[Collection entries]
::::

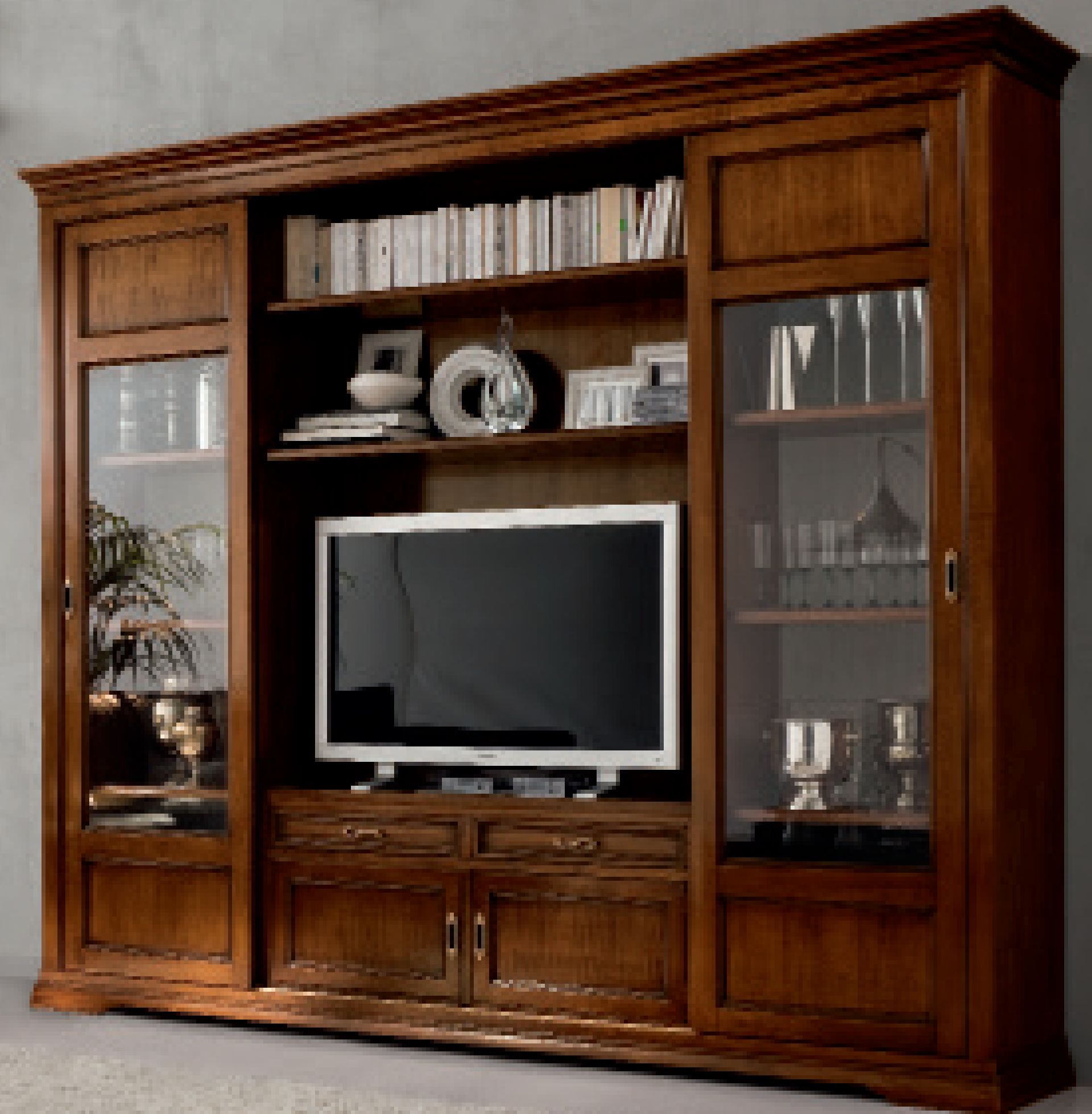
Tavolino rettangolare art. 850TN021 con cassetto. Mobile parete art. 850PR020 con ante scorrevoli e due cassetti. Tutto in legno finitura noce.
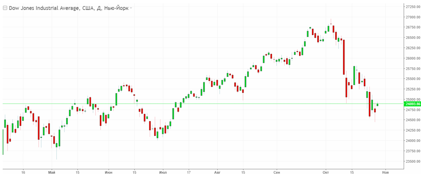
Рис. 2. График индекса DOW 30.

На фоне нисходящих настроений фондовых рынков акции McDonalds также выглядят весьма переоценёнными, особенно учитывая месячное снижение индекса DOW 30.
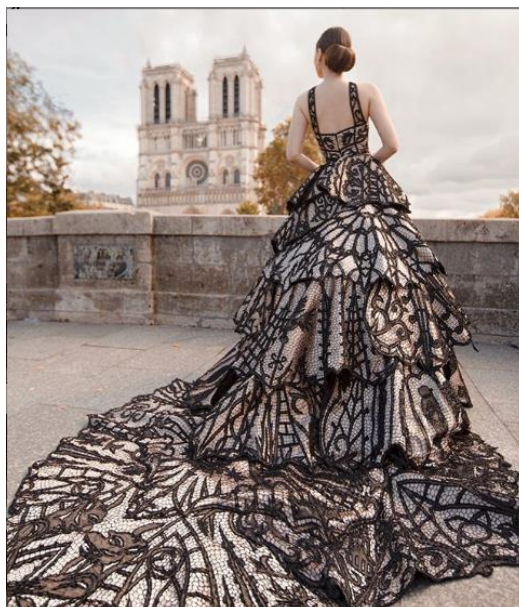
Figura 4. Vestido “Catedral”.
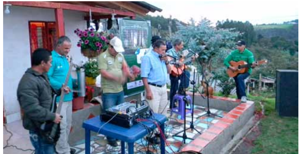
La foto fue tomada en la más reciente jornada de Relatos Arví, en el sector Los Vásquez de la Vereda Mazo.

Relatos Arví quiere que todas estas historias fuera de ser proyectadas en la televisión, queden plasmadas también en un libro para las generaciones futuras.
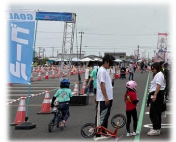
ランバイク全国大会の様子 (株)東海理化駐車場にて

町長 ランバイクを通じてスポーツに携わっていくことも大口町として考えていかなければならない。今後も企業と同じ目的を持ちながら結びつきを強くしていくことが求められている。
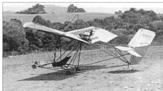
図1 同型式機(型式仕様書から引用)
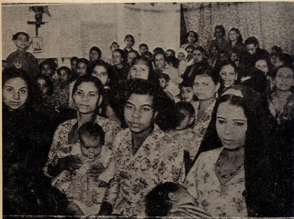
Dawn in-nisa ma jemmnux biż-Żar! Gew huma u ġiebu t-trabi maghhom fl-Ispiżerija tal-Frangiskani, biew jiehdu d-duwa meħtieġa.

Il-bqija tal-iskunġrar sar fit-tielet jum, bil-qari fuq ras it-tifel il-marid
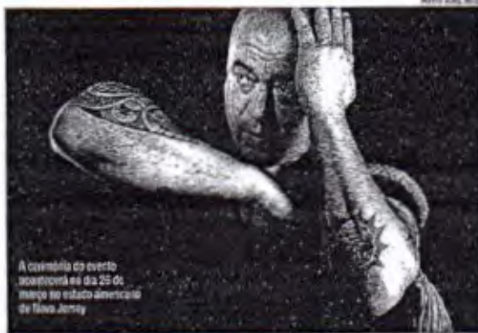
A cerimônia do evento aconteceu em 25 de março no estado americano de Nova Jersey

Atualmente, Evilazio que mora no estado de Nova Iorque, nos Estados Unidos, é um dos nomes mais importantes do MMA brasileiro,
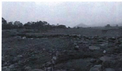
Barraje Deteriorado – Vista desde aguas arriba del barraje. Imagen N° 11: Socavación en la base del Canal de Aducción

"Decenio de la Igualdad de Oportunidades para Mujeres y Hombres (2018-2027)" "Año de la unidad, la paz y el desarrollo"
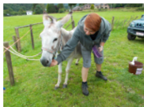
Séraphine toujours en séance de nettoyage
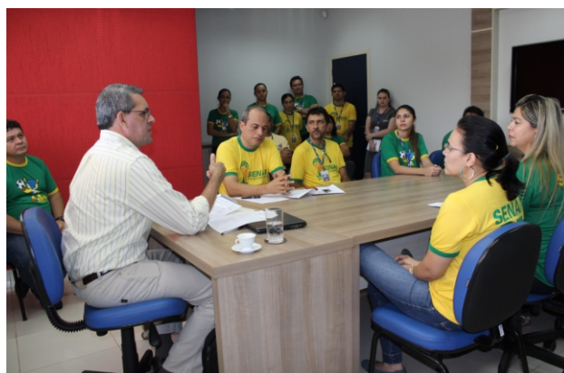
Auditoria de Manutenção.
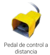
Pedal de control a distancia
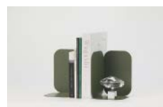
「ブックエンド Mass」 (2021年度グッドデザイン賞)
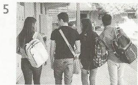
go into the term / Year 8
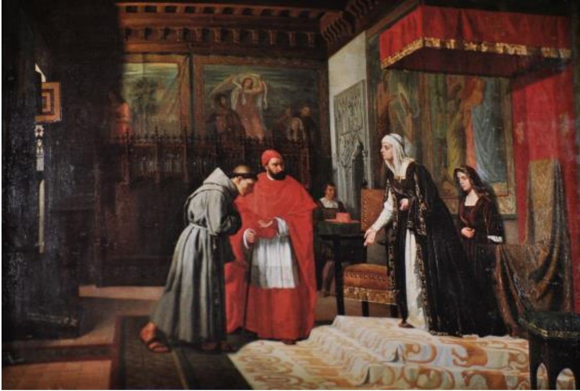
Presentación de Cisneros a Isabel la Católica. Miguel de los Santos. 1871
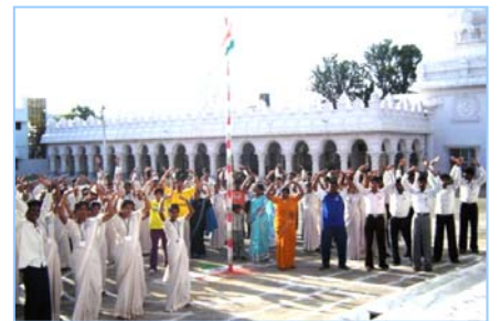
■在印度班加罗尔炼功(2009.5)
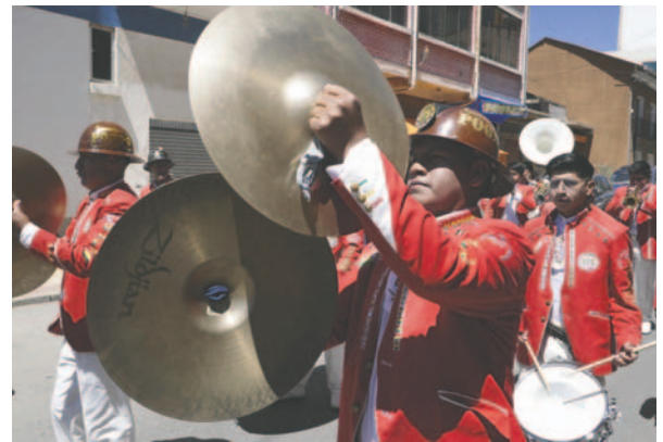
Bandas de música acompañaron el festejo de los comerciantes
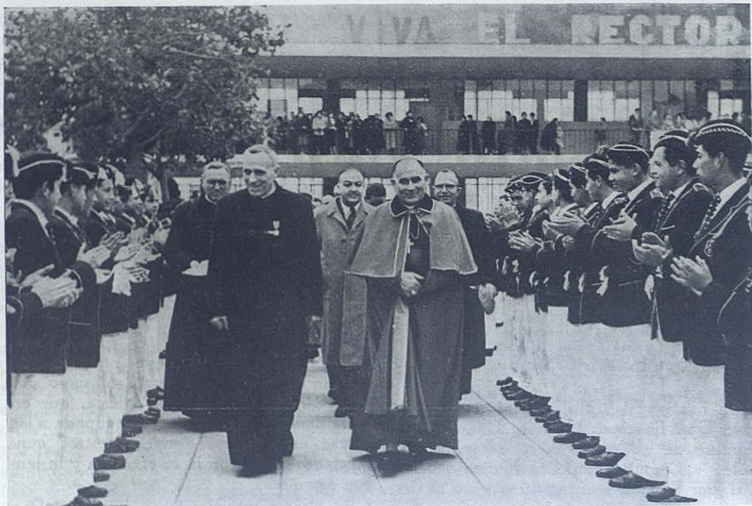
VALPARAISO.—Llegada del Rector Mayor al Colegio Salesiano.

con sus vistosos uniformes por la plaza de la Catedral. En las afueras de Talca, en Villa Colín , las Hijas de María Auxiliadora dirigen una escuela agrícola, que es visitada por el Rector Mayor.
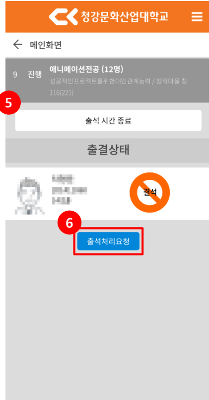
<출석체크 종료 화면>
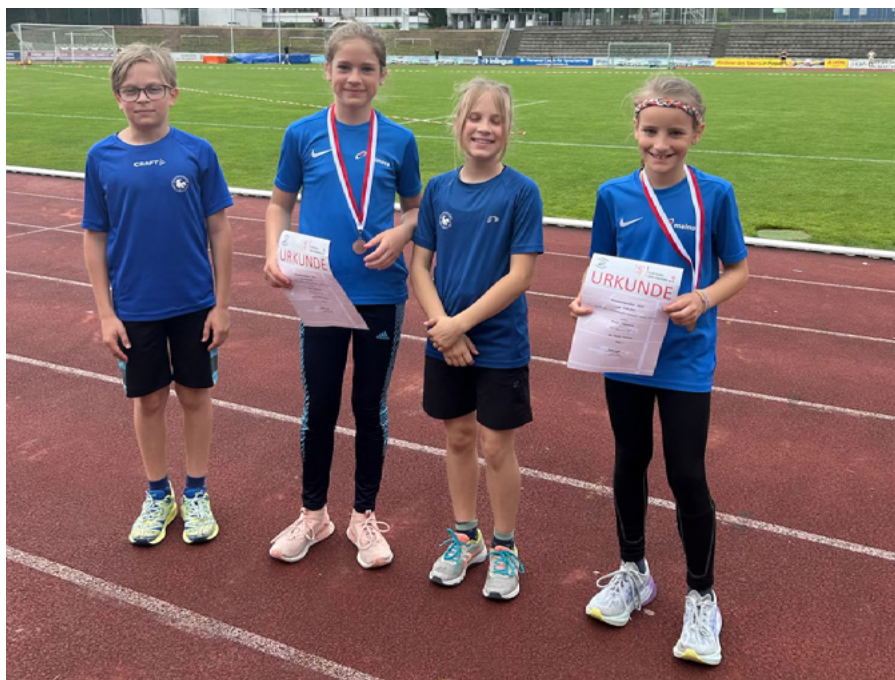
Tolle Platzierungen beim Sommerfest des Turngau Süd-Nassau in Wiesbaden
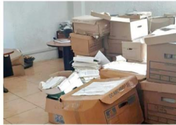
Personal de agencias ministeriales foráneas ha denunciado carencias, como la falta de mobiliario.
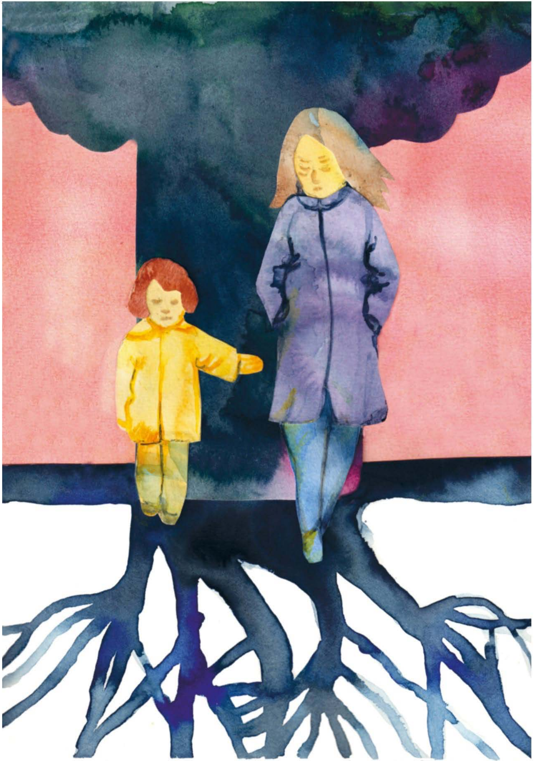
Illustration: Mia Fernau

::::

Activity:
Give the data again exactly as it stands, apart from the pictures.

Response below:
Tavolino rettangolare art. 850TN021 con cassetto. Mobile parete art. 850PR020 con ante scorrevoli e due cassetti. Tutto in legno finitura noce.
Рис. 2. График индекса DOW 30.

На фоне нисходящих настроений фондовых рынков акции McDonalds также выглядят весьма переоценёнными, особенно учитывая месячное снижение индекса DOW 30.
Figura 4. Vestido “Catedral”.
La foto fue tomada en la más reciente jornada de Relatos Arví, en el sector Los Vásquez de la Vereda Mazo.

Relatos Arví quiere que todas estas historias fuera de ser proyectadas en la televisión, queden plasmadas también en un libro para las generaciones futuras.
ランバイク全国大会の様子 (株)東海理化駐車場にて

町長 ランバイクを通じてスポーツに携わっていくことも大口町として考えていかなければならない。今後も企業と同じ目的を持ちながら結びつきを強くしていくことが求められている。
図1 同型式機(型式仕様書から引用)
Dawn in-nisa ma jemmnux biż-Żar! Gew huma u ġiebu t-trabi maghhom fl-Ispiżerija tal-Frangiskani, biew jiehdu d-duwa meħtieġa.

Il-bqija tal-iskunġrar sar fit-tielet jum, bil-qari fuq ras it-tifel il-marid
A cerimônia do evento aconteceu em 25 de março no estado americano de Nova Jersey

Atualmente, Evilazio que mora no estado de Nova Iorque, nos Estados Unidos, é um dos nomes mais importantes do MMA brasileiro,
Barraje Deteriorado – Vista desde aguas arriba del barraje. Imagen N° 11: Socavación en la base del Canal de Aducción

"Decenio de la Igualdad de Oportunidades para Mujeres y Hombres (2018-2027)" "Año de la unidad, la paz y el desarrollo"
Séraphine toujours en séance de nettoyage
Auditoria de Manutenção.
Pedal de control a distancia
「ブックエンド Mass」 (2021年度グッドデザイン賞)
go into the term / Year 8
Presentación de Cisneros a Isabel la Católica. Miguel de los Santos. 1871
■在印度班加罗尔炼功(2009.5)
Bandas de música acompañaron el festejo de los comerciantes
VALPARAISO.—Llegada del Rector Mayor al Colegio Salesiano.

con sus vistosos uniformes por la plaza de la Catedral. En las afueras de Talca, en Villa Colín , las Hijas de María Auxiliadora dirigen una escuela agrícola, que es visitada por el Rector Mayor.
<출석체크 종료 화면>
Tolle Platzierungen beim Sommerfest des Turngau Süd-Nassau in Wiesbaden
Personal de agencias ministeriales foráneas ha denunciado carencias, como la falta de mobiliario.
Illustration: Mia Fernau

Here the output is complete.